→ Exercise instructions
Give back the exact lines of the material below from the one containing "在確認(rèn)視角范圍內(nèi)無威" through the one containing "Mit dem Anstieg", and no pictures.

→ Given data
- Opening Delimiter -

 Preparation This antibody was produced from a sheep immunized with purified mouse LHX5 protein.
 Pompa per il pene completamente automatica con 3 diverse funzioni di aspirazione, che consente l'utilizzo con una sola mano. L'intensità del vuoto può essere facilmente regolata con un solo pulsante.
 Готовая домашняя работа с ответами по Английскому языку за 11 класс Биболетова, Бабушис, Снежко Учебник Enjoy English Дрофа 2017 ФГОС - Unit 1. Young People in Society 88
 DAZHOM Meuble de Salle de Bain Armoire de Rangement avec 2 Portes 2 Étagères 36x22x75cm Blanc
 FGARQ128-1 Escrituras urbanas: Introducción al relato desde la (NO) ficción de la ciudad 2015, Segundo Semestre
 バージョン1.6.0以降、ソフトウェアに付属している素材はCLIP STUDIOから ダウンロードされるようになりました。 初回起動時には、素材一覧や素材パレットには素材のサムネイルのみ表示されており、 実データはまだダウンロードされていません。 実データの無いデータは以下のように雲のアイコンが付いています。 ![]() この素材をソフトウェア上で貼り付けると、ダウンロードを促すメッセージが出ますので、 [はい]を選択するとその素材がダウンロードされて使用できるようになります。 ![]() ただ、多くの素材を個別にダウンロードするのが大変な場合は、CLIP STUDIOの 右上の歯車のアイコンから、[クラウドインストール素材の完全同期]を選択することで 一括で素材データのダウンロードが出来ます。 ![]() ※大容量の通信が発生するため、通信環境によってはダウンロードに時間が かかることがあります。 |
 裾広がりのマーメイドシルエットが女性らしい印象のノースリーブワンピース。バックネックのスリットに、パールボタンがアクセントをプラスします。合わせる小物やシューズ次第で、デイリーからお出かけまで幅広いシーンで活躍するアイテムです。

- Closing Delimiter -
- Opening Delimiter -

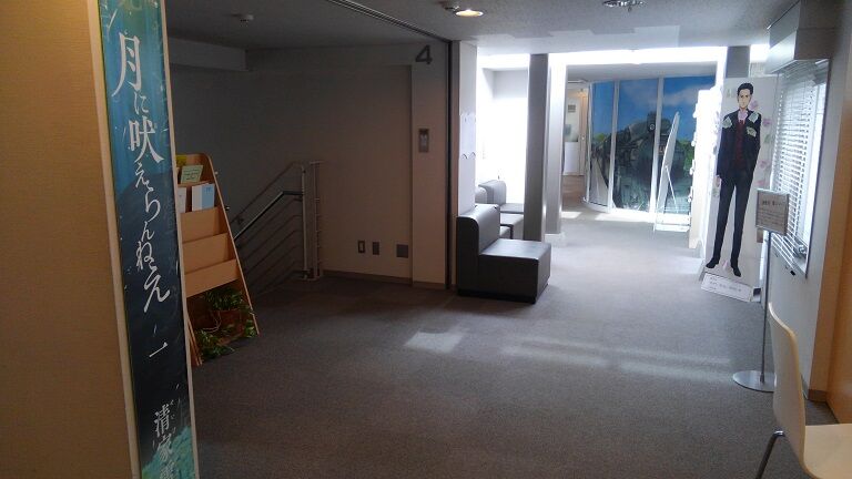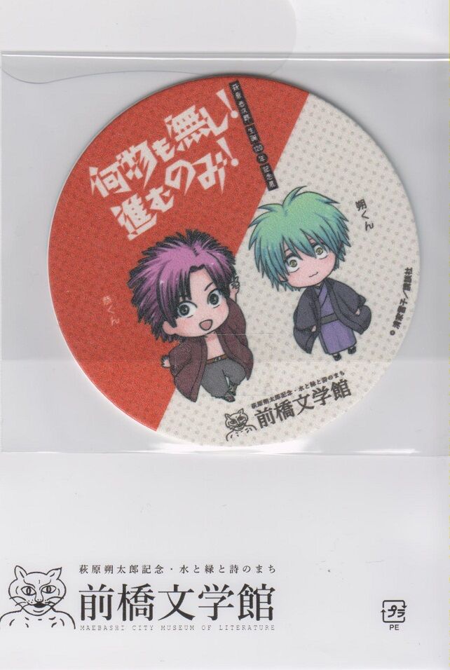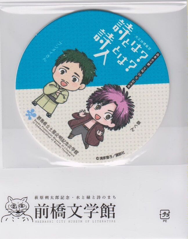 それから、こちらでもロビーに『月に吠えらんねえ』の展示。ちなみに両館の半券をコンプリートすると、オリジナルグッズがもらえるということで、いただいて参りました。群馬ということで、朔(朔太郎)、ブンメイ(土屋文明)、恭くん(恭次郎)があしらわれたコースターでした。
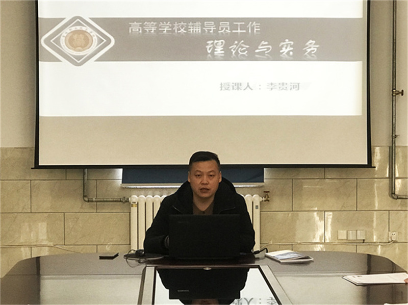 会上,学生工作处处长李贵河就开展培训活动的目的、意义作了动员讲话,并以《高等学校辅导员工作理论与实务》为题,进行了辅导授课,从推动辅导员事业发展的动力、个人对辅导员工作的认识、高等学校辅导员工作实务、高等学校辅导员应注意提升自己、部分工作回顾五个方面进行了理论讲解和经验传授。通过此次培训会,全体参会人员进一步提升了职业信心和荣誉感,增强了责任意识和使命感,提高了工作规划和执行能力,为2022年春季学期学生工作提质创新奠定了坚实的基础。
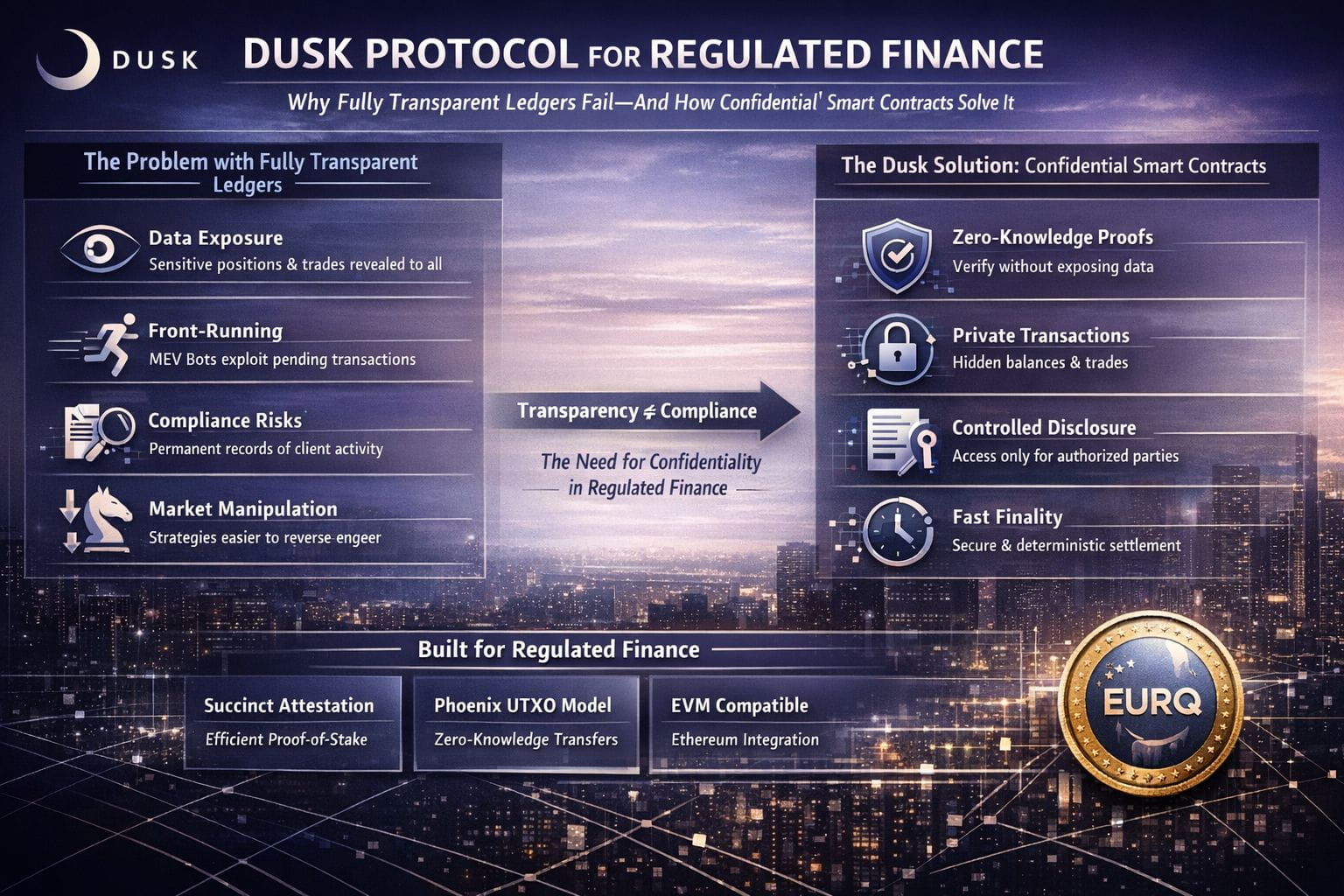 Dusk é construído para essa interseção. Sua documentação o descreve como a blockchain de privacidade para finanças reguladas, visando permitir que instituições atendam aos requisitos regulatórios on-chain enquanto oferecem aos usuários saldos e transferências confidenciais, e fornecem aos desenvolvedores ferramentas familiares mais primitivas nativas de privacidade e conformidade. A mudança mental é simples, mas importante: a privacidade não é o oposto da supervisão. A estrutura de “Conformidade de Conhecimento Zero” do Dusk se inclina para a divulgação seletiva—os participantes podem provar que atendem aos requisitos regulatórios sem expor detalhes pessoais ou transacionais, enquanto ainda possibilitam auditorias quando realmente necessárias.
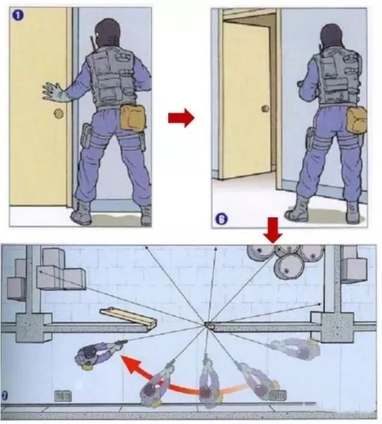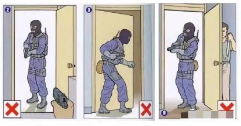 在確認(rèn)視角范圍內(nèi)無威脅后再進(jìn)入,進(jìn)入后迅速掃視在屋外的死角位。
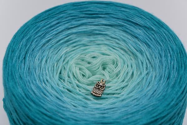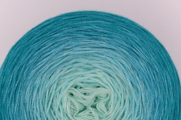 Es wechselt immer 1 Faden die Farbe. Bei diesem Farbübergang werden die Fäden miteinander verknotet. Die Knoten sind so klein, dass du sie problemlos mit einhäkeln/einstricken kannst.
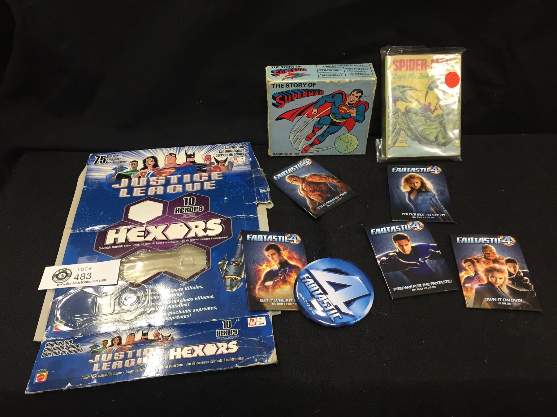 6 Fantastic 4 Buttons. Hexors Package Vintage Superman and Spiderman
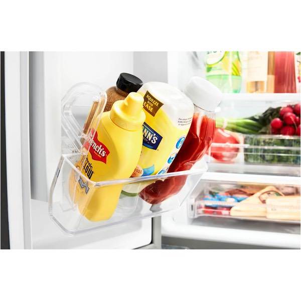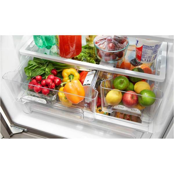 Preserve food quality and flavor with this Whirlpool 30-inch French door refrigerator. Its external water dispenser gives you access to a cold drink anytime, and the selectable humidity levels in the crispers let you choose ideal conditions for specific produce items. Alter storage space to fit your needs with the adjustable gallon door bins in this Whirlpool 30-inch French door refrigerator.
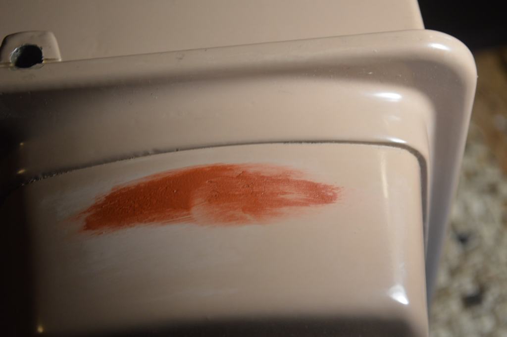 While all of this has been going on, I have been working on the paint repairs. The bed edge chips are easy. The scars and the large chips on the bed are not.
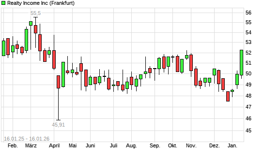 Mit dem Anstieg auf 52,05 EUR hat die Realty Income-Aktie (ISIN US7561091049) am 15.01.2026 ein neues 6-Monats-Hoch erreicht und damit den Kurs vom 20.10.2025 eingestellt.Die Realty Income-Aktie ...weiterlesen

- Closing Delimiter -

→ Answer
 在確認(rèn)視角范圍內(nèi)無威脅后再進(jìn)入,進(jìn)入后迅速掃視在屋外的死角位。
 Es wechselt immer 1 Faden die Farbe. Bei diesem Farbübergang werden die Fäden miteinander verknotet. Die Knoten sind so klein, dass du sie problemlos mit einhäkeln/einstricken kannst.
 6 Fantastic 4 Buttons. Hexors Package Vintage Superman and Spiderman
 Preserve food quality and flavor with this Whirlpool 30-inch French door refrigerator. Its external water dispenser gives you access to a cold drink anytime, and the selectable humidity levels in the crispers let you choose ideal conditions for specific produce items. Alter storage space to fit your needs with the adjustable gallon door bins in this Whirlpool 30-inch French door refrigerator.
 While all of this has been going on, I have been working on the paint repairs. The bed edge chips are easy. The scars and the large chips on the bed are not.
 Mit dem Anstieg auf 52,05 EUR hat die Realty Income-Aktie (ISIN US7561091049) am 15.01.2026 ein neues 6-Monats-Hoch erreicht und damit den Kurs vom 20.10.2025 eingestellt.Die Realty Income-Aktie ...weiterlesen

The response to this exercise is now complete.